**Activity:** Leaving out all pictures, return the records word for word.

Items from a data source:
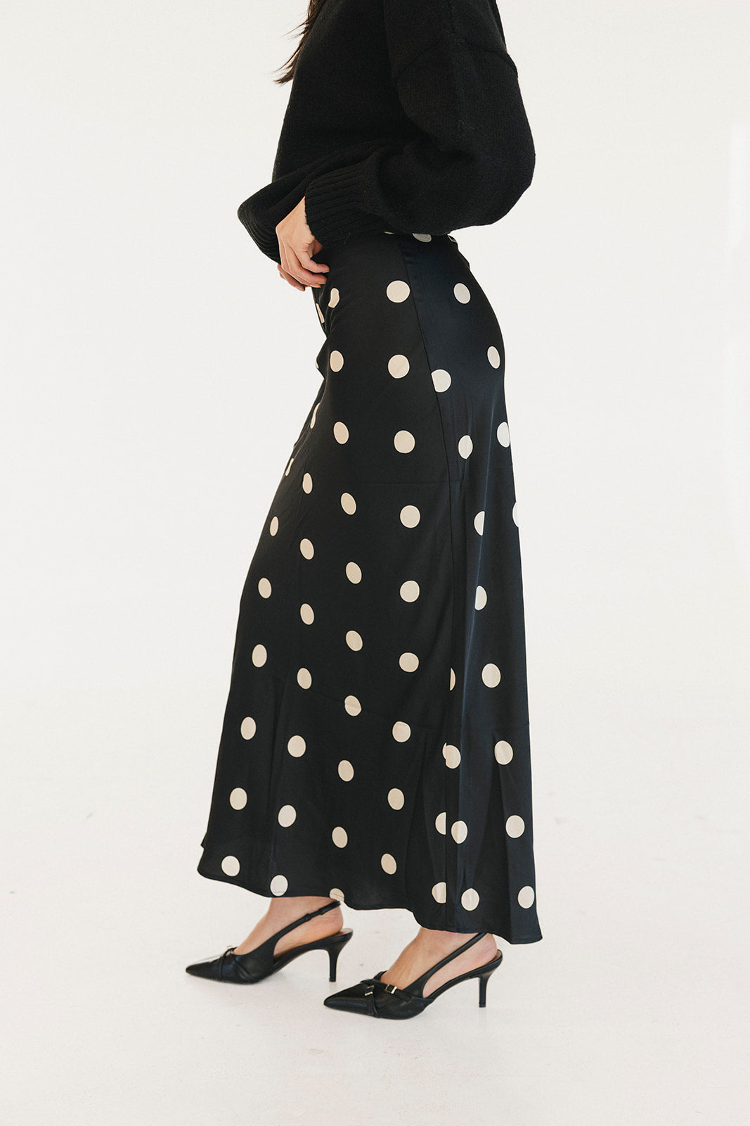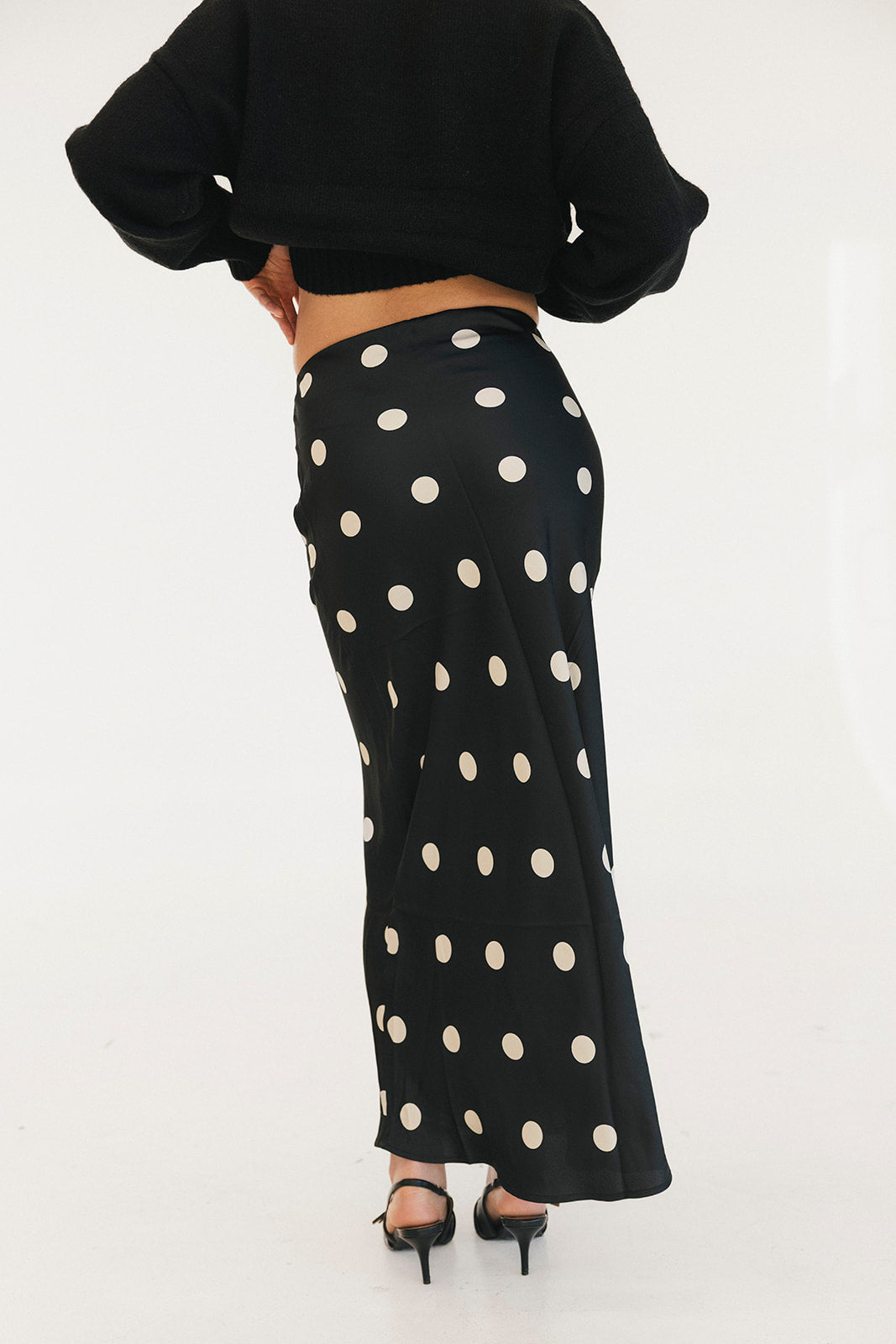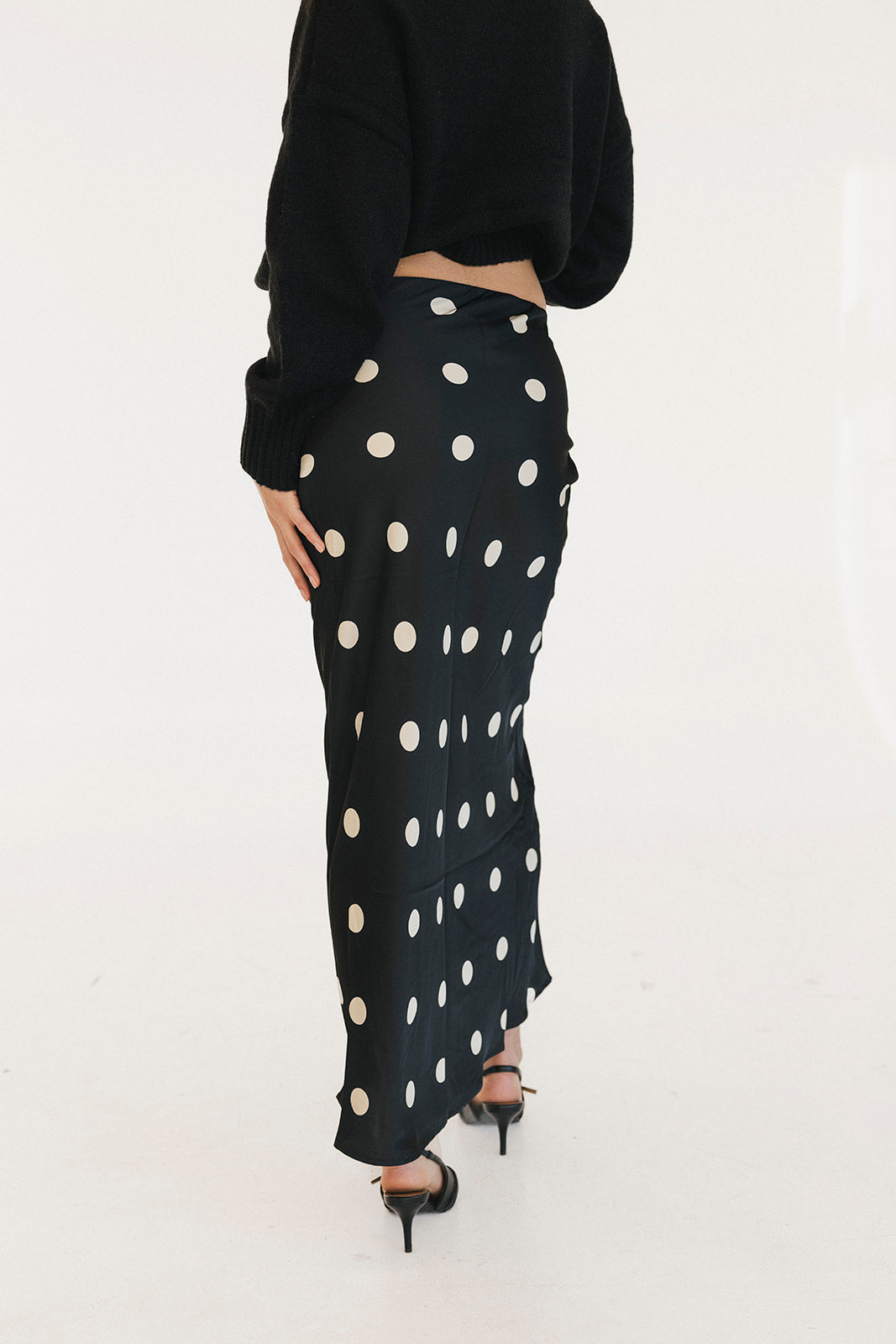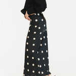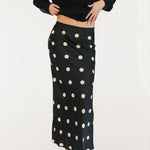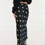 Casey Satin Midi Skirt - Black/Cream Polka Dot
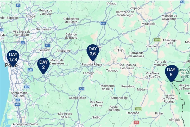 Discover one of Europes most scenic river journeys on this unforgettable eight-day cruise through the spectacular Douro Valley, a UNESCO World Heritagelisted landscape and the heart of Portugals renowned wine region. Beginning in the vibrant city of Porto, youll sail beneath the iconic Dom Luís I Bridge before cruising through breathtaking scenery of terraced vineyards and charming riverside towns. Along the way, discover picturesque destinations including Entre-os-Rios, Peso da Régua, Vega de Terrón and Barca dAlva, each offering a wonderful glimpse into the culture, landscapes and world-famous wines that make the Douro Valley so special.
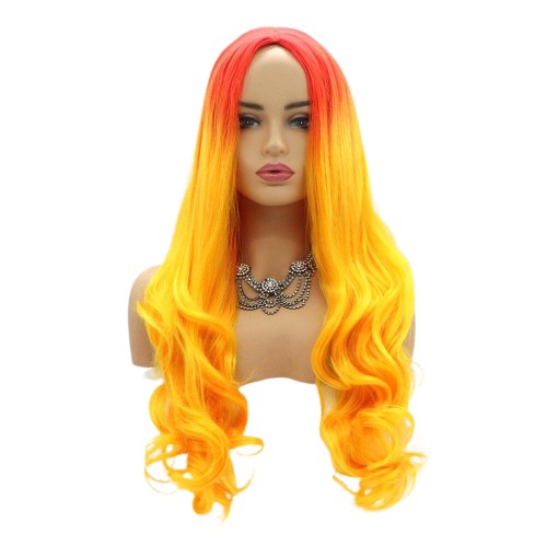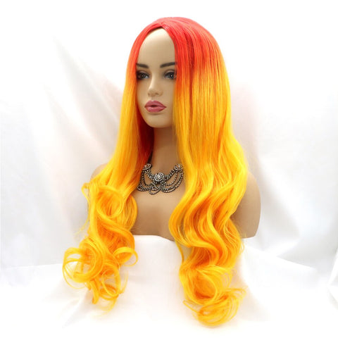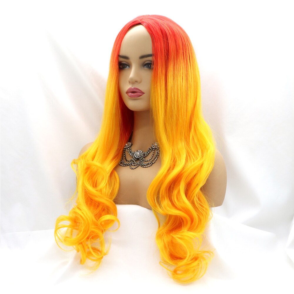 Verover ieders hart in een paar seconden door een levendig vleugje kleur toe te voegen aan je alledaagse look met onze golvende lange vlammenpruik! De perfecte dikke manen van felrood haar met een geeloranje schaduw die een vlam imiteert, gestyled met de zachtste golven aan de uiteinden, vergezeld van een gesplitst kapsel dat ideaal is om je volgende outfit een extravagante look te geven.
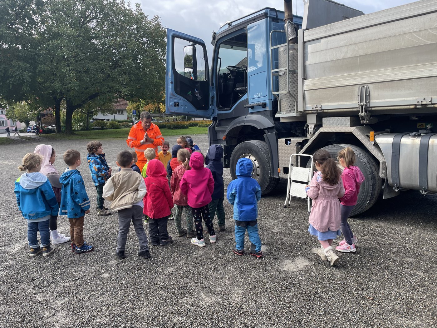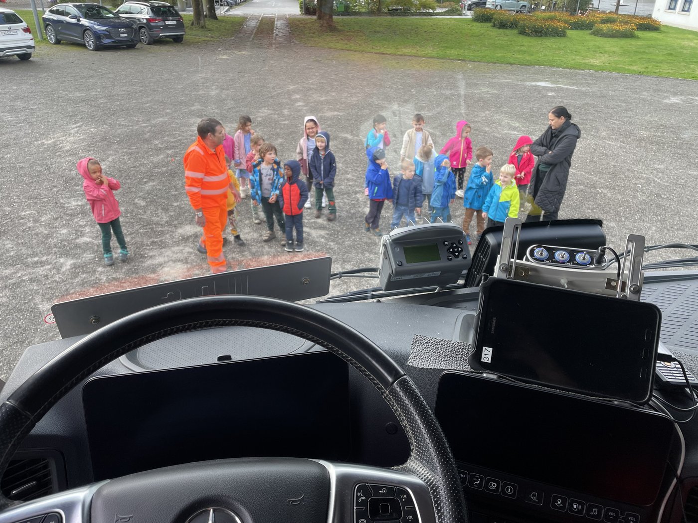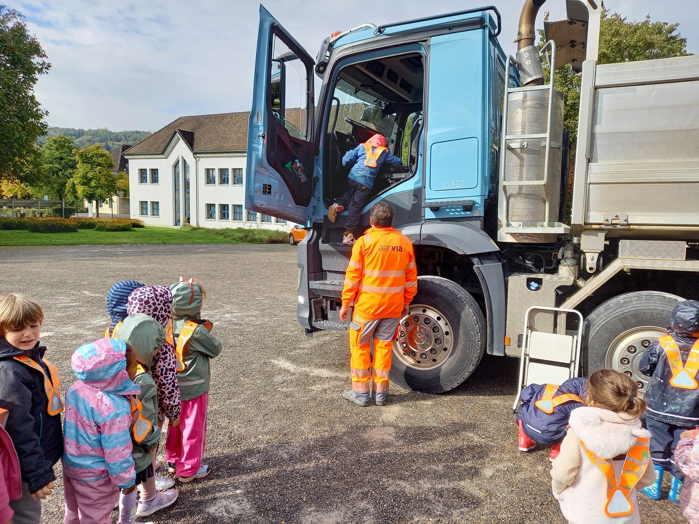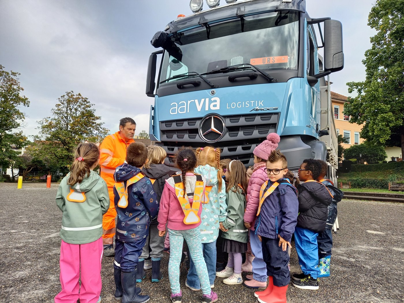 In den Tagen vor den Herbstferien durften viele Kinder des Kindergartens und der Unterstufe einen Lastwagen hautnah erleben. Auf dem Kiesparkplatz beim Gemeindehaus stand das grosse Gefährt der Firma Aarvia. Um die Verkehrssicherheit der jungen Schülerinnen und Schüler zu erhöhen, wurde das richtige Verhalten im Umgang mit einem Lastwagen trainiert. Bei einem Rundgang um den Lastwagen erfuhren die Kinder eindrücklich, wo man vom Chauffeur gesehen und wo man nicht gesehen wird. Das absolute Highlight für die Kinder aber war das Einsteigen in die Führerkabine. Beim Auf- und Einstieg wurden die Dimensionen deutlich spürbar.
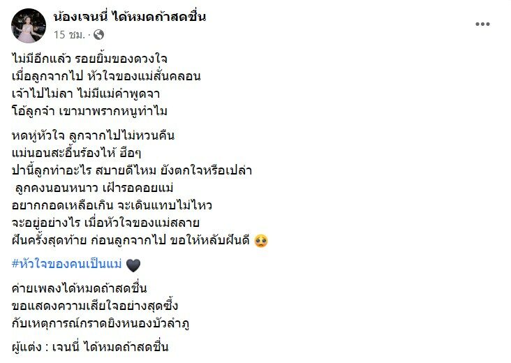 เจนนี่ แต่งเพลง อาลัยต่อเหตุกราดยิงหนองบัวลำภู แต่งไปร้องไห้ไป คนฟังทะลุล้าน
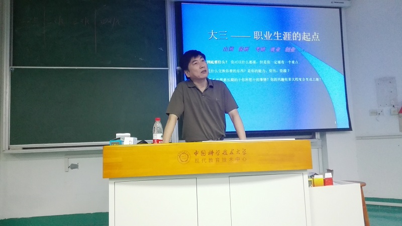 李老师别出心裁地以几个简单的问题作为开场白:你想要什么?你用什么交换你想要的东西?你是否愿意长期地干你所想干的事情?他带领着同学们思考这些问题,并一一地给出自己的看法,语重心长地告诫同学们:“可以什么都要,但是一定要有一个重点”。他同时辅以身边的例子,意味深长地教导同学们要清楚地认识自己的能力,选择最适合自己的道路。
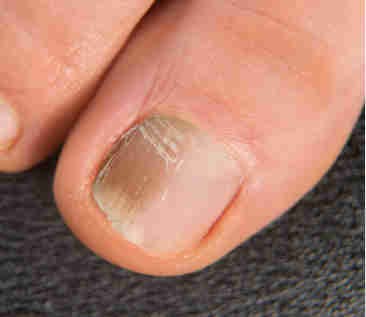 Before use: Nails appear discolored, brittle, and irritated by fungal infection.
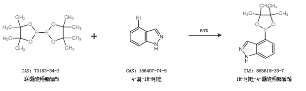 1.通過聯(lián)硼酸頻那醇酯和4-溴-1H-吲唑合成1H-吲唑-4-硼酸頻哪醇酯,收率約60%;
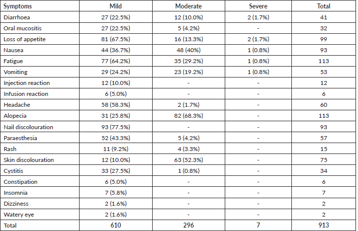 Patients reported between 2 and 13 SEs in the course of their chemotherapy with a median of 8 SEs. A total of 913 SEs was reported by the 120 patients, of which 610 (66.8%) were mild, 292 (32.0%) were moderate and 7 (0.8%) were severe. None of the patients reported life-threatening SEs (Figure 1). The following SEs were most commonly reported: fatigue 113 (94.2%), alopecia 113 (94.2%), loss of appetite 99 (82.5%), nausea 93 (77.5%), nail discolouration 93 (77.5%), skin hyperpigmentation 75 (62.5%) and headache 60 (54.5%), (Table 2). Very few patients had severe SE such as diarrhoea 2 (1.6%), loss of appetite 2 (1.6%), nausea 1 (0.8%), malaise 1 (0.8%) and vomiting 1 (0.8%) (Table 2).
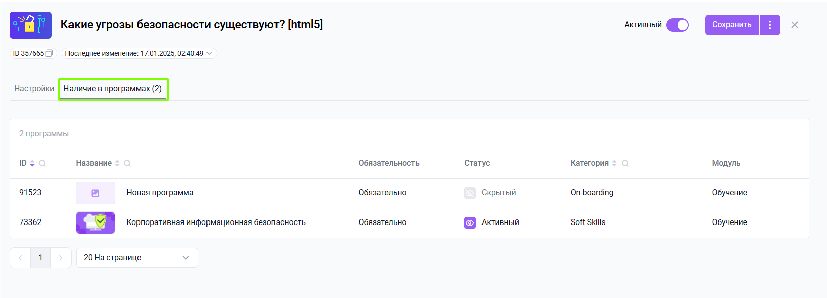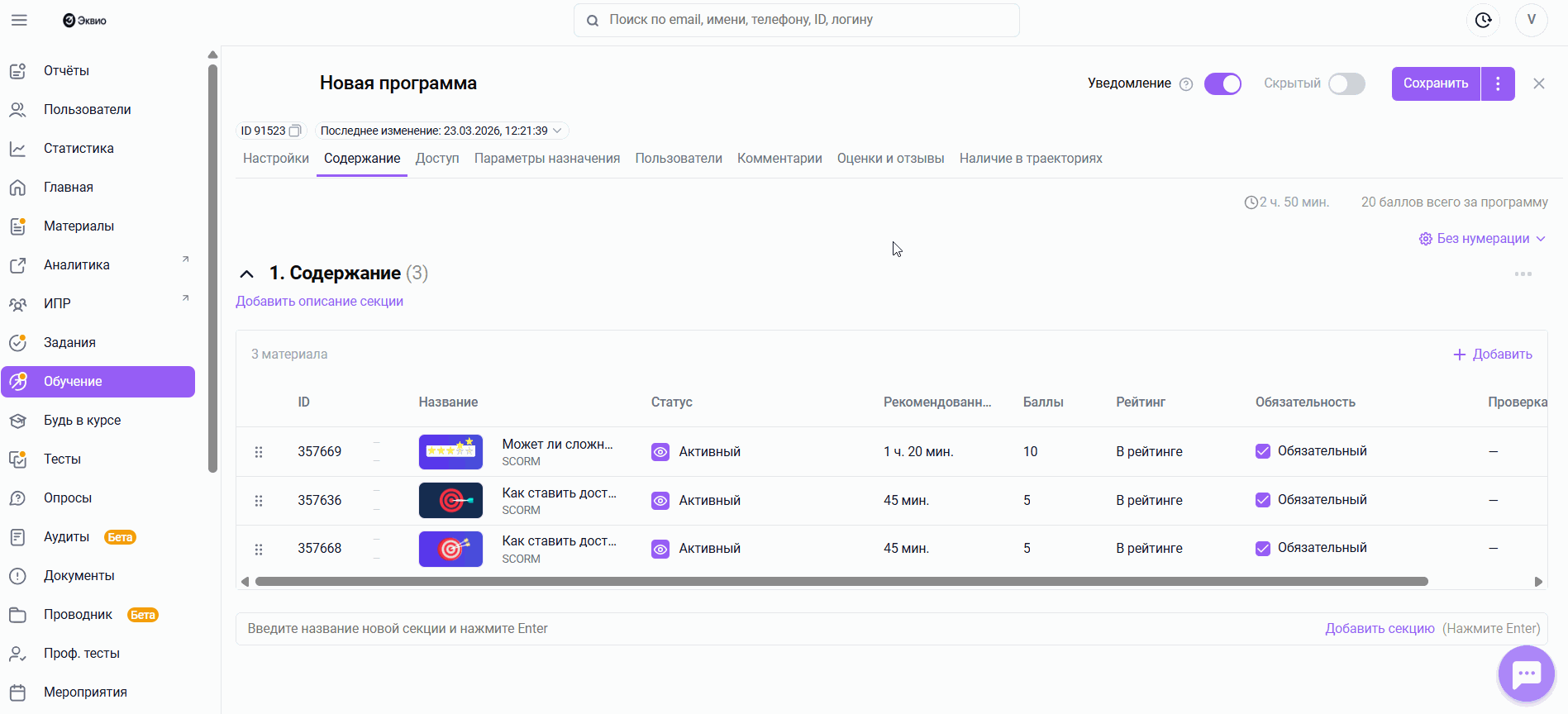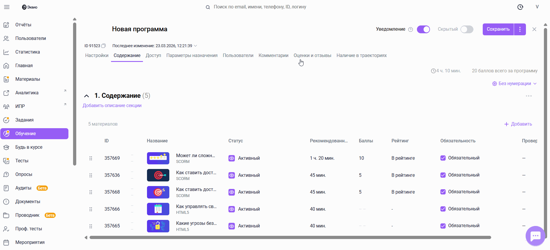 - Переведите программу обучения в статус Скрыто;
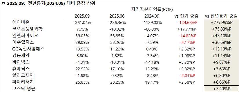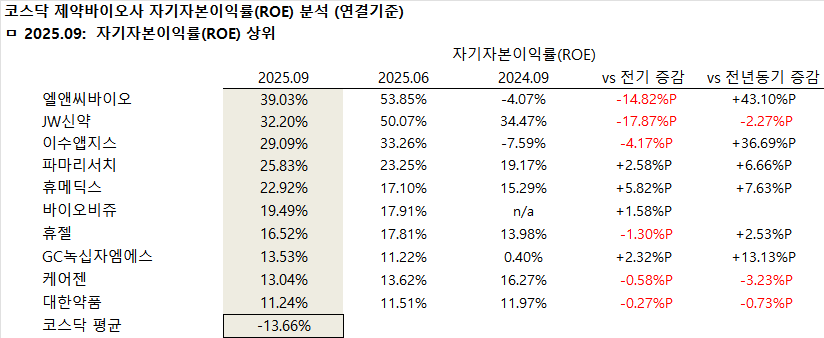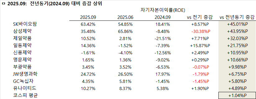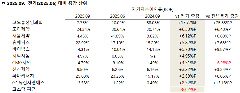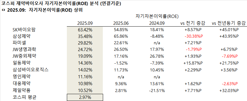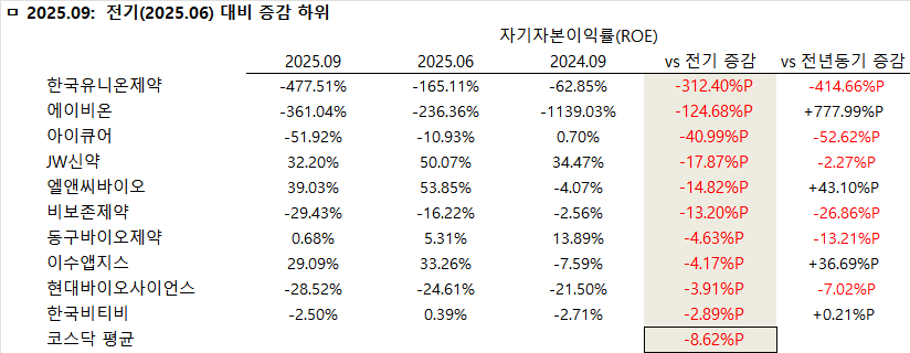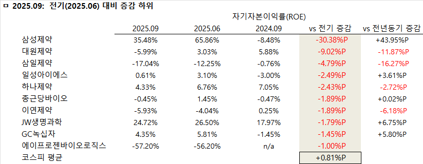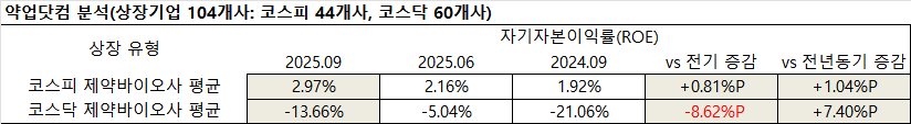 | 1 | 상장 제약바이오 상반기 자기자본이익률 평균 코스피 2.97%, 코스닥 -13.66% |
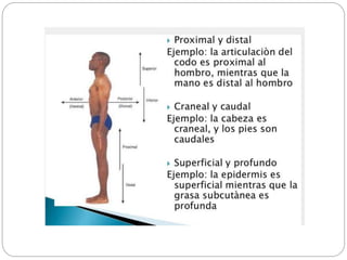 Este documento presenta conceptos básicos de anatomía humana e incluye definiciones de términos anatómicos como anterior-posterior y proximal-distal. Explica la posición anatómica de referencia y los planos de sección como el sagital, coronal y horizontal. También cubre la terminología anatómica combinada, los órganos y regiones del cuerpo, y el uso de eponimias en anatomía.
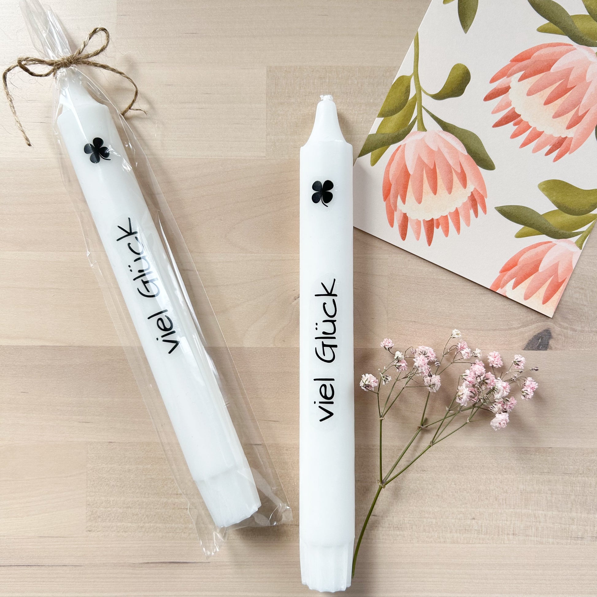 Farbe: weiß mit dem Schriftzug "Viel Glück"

**Exercise result:**
 Casey Satin Midi Skirt - Black/Cream Polka Dot
 Discover one of Europes most scenic river journeys on this unforgettable eight-day cruise through the spectacular Douro Valley, a UNESCO World Heritagelisted landscape and the heart of Portugals renowned wine region. Beginning in the vibrant city of Porto, youll sail beneath the iconic Dom Luís I Bridge before cruising through breathtaking scenery of terraced vineyards and charming riverside towns. Along the way, discover picturesque destinations including Entre-os-Rios, Peso da Régua, Vega de Terrón and Barca dAlva, each offering a wonderful glimpse into the culture, landscapes and world-famous wines that make the Douro Valley so special.
 Verover ieders hart in een paar seconden door een levendig vleugje kleur toe te voegen aan je alledaagse look met onze golvende lange vlammenpruik! De perfecte dikke manen van felrood haar met een geeloranje schaduw die een vlam imiteert, gestyled met de zachtste golven aan de uiteinden, vergezeld van een gesplitst kapsel dat ideaal is om je volgende outfit een extravagante look te geven.
 In den Tagen vor den Herbstferien durften viele Kinder des Kindergartens und der Unterstufe einen Lastwagen hautnah erleben. Auf dem Kiesparkplatz beim Gemeindehaus stand das grosse Gefährt der Firma Aarvia. Um die Verkehrssicherheit der jungen Schülerinnen und Schüler zu erhöhen, wurde das richtige Verhalten im Umgang mit einem Lastwagen trainiert. Bei einem Rundgang um den Lastwagen erfuhren die Kinder eindrücklich, wo man vom Chauffeur gesehen und wo man nicht gesehen wird. Das absolute Highlight für die Kinder aber war das Einsteigen in die Führerkabine. Beim Auf- und Einstieg wurden die Dimensionen deutlich spürbar.
 เจนนี่ แต่งเพลง อาลัยต่อเหตุกราดยิงหนองบัวลำภู แต่งไปร้องไห้ไป คนฟังทะลุล้าน
 李老师别出心裁地以几个简单的问题作为开场白:你想要什么?你用什么交换你想要的东西?你是否愿意长期地干你所想干的事情?他带领着同学们思考这些问题,并一一地给出自己的看法,语重心长地告诫同学们:“可以什么都要,但是一定要有一个重点”。他同时辅以身边的例子,意味深长地教导同学们要清楚地认识自己的能力,选择最适合自己的道路。
 Before use: Nails appear discolored, brittle, and irritated by fungal infection.
 1.通過聯(lián)硼酸頻那醇酯和4-溴-1H-吲唑合成1H-吲唑-4-硼酸頻哪醇酯,收率約60%;
 Patients reported between 2 and 13 SEs in the course of their chemotherapy with a median of 8 SEs. A total of 913 SEs was reported by the 120 patients, of which 610 (66.8%) were mild, 292 (32.0%) were moderate and 7 (0.8%) were severe. None of the patients reported life-threatening SEs (Figure 1). The following SEs were most commonly reported: fatigue 113 (94.2%), alopecia 113 (94.2%), loss of appetite 99 (82.5%), nausea 93 (77.5%), nail discolouration 93 (77.5%), skin hyperpigmentation 75 (62.5%) and headache 60 (54.5%), (Table 2). Very few patients had severe SE such as diarrhoea 2 (1.6%), loss of appetite 2 (1.6%), nausea 1 (0.8%), malaise 1 (0.8%) and vomiting 1 (0.8%) (Table 2).
 - Переведите программу обучения в статус Скрыто;
 | 1 | 상장 제약바이오 상반기 자기자본이익률 평균 코스피 2.97%, 코스닥 -13.66% |
 Este documento presenta conceptos básicos de anatomía humana e incluye definiciones de términos anatómicos como anterior-posterior y proximal-distal. Explica la posición anatómica de referencia y los planos de sección como el sagital, coronal y horizontal. También cubre la terminología anatómica combinada, los órganos y regiones del cuerpo, y el uso de eponimias en anatomía.
 Farbe: weiß mit dem Schriftzug "Viel Glück"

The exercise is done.